There are multiple behaviors related to prefetching so I've split them out for each case. The list below each case is what's prefetched:
Reference:
- Checkmark checked → it's implemented.
- RSC Payload → Rendered server components.
- Router state → Patch for the router history state.
- Preloads for client component entry → This will be handled in a follow-up PR.
- No `loading.js` static case → Will be handled in a follow-up PR.
---
- `prefetch={true}` (default, same as current router, links in viewport are prefetched)
- [x] Static all the way down the component tree
- [x] RSC payload
- [x] Router state
- [ ] preloads for the client component entry
- [x] Not static all the way down the component tree
- [x] With `loading.js`
- [x] RSC payload up until the loading below the common layout
- [x] router state
- [ ] preloads for the client component entry
- [x] No `loading.js` (This case can be static files to make sure it’s fast)
- [x] router state
- [ ] preloads for the client component entry
- `prefetch={false}`
- [x] always do an optimistic navigation. We already have this implemented where it tries to figure out the router state based on the provided url. That result might be wrong but the router will automatically figure out that
---
In the first implementation there is a distinction between `hard` and `soft` navigation. With the addition of prefetching you no longer have to add a `soft` prop to `next/link` in order to leverage the `soft` case.
A heuristic has been added that automatically prefers `soft` navigation except when navigating between mismatching dynamic parameters.
An example:
- `app/[userOrTeam]/dashboard/page.js` and `app/[userOrTeam]/dashboard/settings/page.js`
- `/tim/dashboard` → `/tim/dashboard/settings` = Soft navigation
- `/tim/dashboard` → `/vercel/dashboard` = Hard navigation
- `/vercel/dashboard` → `/vercel/dashboard/settings` = Soft navigation
- `/vercel/dashboard/settings` -> `/tim/dashboard` = Hard navigation
---
While adding these new heuristics some of the tests started failing and I found some state bugs in `router.reload()` which have been fixed.

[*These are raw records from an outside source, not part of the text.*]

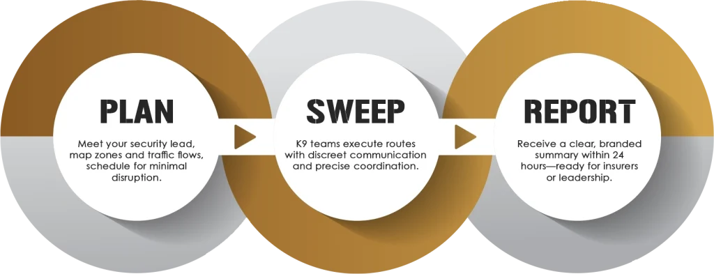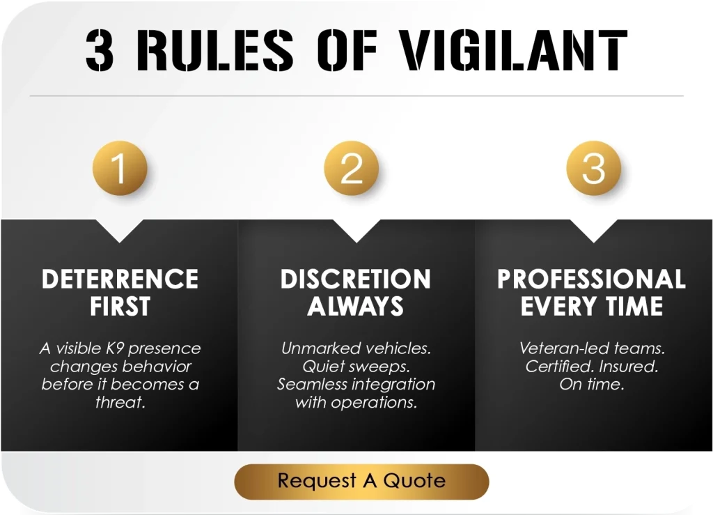 Every environment carries unique risks—and unique responsibilities. Whether it’s a stadium, a refinery, or a private home, Vigilant K9 adapts to the context with calm precision. We don’t show up loud. We show up prepared. Each program below is built to solve real problems for real people—the decision makers responsible for keeping others safe.
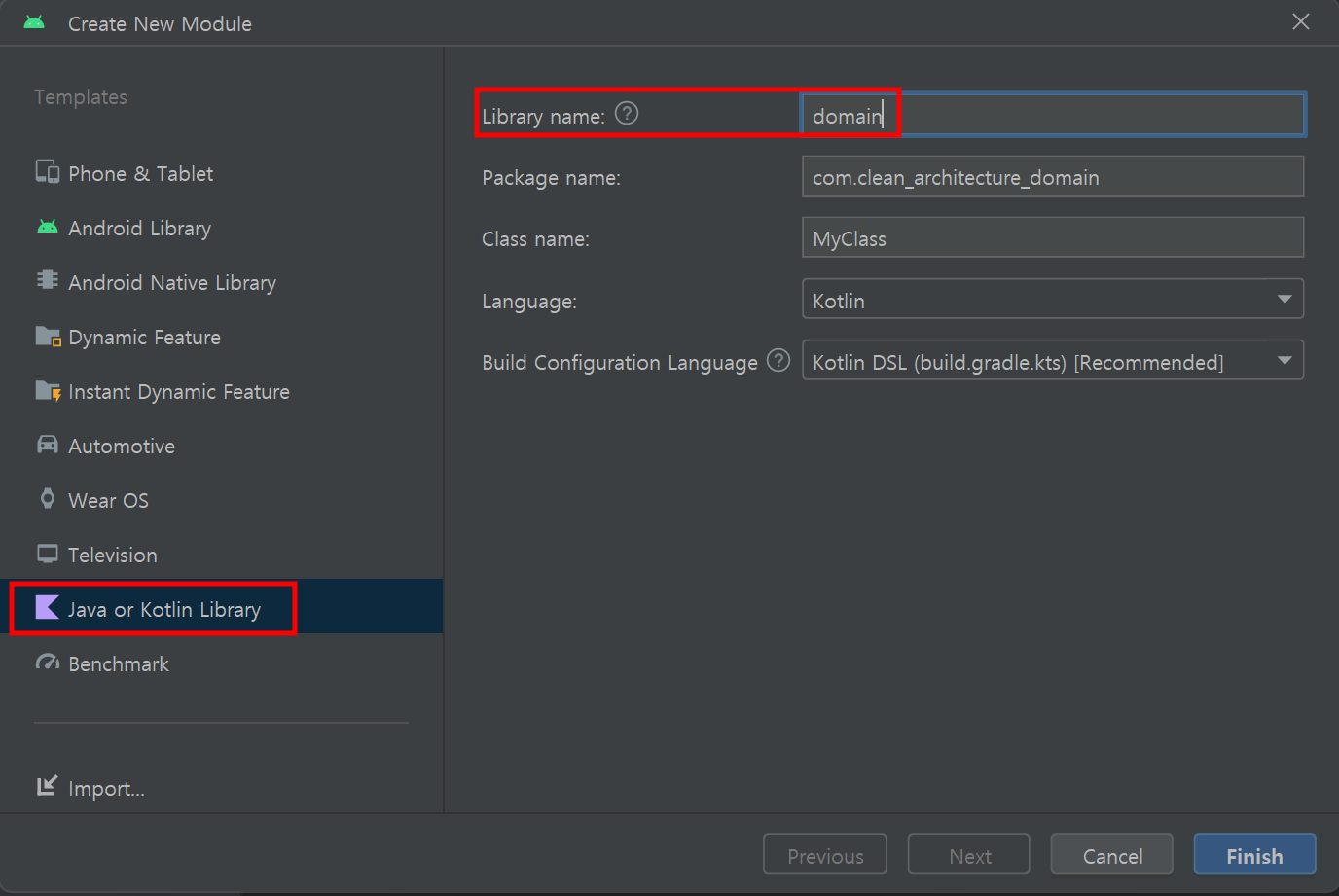 안드로이드 스튜디오에서는 각 계층을 별도의 모듈로 구성하여 의존성을 관리합니다. File > New > New Module을 선택하여 새 모듈을 생성합니다. Domain Layer용 모듈을 생성할 때는 안드로이드 프레임워크나 라이브러리에 의존하지 않는 'Java or Kotlin Library'를 선택합니다. Domain Layer는 어떤 플랫폼에도 종속되지 않는 계층이기 때문에 아래와 같은 이유로 'Android Library'로 생성하지 않고 'Java or Kotlin Library'로 생성합니다.
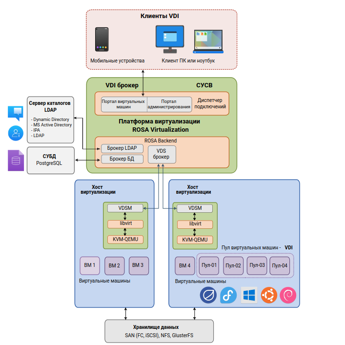 Взаимодействие клиента VDI с платформой виртуализации ROSA Virtualization осуществляется с помощью брокера VDI, в роли которого выступает СУСВ (Система управления средой виртуализации).
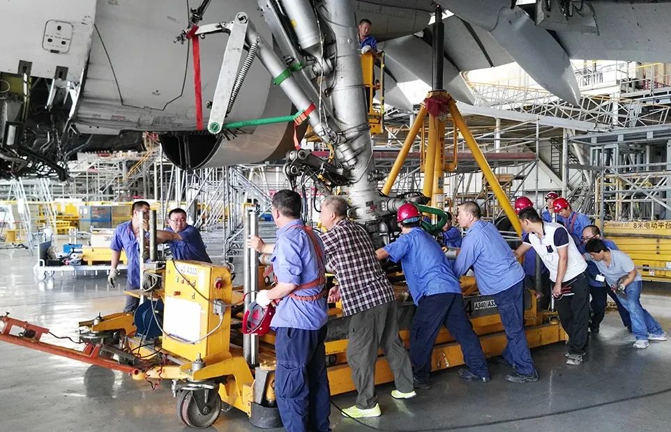 1、全向移载平台加举升丝杆,可精准对位装配起落架;
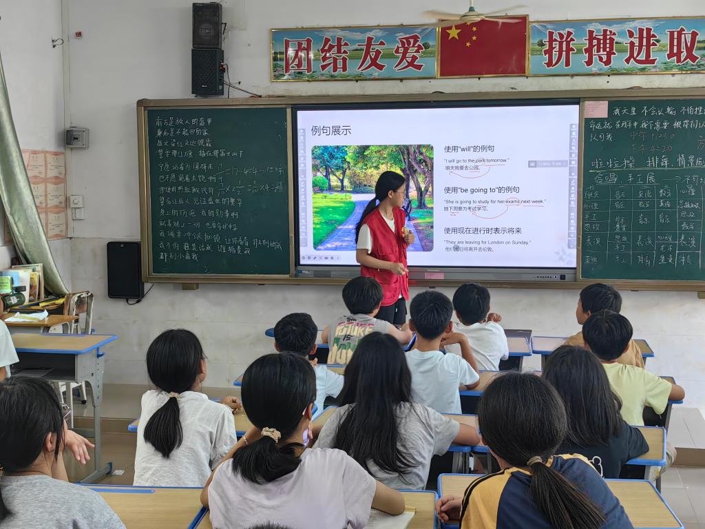 在三岭小学,队员林依婷在手工课上指导学生用扭扭棒制作立体花朵,培养学生的耐心和创造力。英语课堂上,队员陈梦妮为学生系统讲解了基础语法知识,并带领学生朗读例句和互动教学,让学生在轻松的氛围中掌握基础语法。队员陈静芸的心理辅导课则以“爱与尊重”为主题,采用“情境体验式”教学方法,引导学生深入探讨健康人际交往的核心准则,学生们在课堂上热烈讨论,收获颇丰。课间休息时,学生们仍保持高涨的学习热情,主动向队员请教问题,形成良好的师生互动。

An example being when you push to `/dashboard` while on `/` in the same transition it would navigate to `/`, it also wouldn't push a new history entry. Both of these cases are now fixed:
```
React.startTransition(() => {
router.push('/dashboard')
router.reload()
})
```
---
While debugging the various changes I ended up debugging and manually diffing the cache and router state quite often and was looking at a way to automate this. `useReducer` is quite similar to Redux so I was wondering if Redux Devtools could be used in order to debug the various actions as it has diffing built-in. It took a bit of time to figure out the connection mechanism but in the end I figured out how to connect `useReducer`, a new hook `useReducerWithReduxDevtools` has been added, we'll probably want to put this behind a compile-time flag when the new router is marked stable but until then it's useful to have it enabled by default (only when you have Redux Devtools installed ofcourse).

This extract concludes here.